Personal information
- Born: 20 January 1974 (age 52) Barcelona, Spain

Chess career
- Country: Spain
- Title: Grandmaster (2003)
- Peak rating: 2553 (July 2009)

= Marc Narciso Dublan =

Spanish chess grandmaster (born 1974)

Marc Narciso Dublan (born 20 January 1974) is a Spanish chess grandmaster.

==Biography==
In 1987 and 1988, Marc Narciso Dublan twice won silver medal in Spanish Youth Chess Championship in the U14 age group. He three times won Catalan Chess Championships: in 1992, in 1995, and in 2011.

Marc Narciso Dublan has participated in international chess tournaments many times and won or shared 1 st place in Ibi (1996), La Pobla de Lillet (1999), Budapest (First Saturday tournament, 2001), Mondariz (2002), Barberà del Vallès (2005), Montcada i Reixac (2006), Varbera del Valles (2006), Barcelona (2006), Manresa (2007), Illes Medes (2008), San Sebastián (2009), Konya (2009).
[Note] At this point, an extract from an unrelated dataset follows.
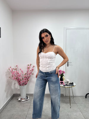 Top scollato in pizzo effetto steccato, coppe preformate, spalline elastiche regolabili. Orlo finale in merletto.

Marc Narciso Dublan played for Spain in the Chess Olympiad:
- In 2006, at second reserve board in the 37th Chess Olympiad in Turin (+3, =4, -1).

Marc Narciso Dublan played for Spain in the European Team Chess Championships:
- In 2001, at reserve board in the 13th European Team Chess Championship in León (+0, =2, -3),
- In 2007, at reserve board in the 16th European Team Chess Championship in Heraklion (+0, =2, -3).

In 1997, he was awarded the FIDE International Master (IM) title and received the FIDE Grandmaster (GM) title six years later.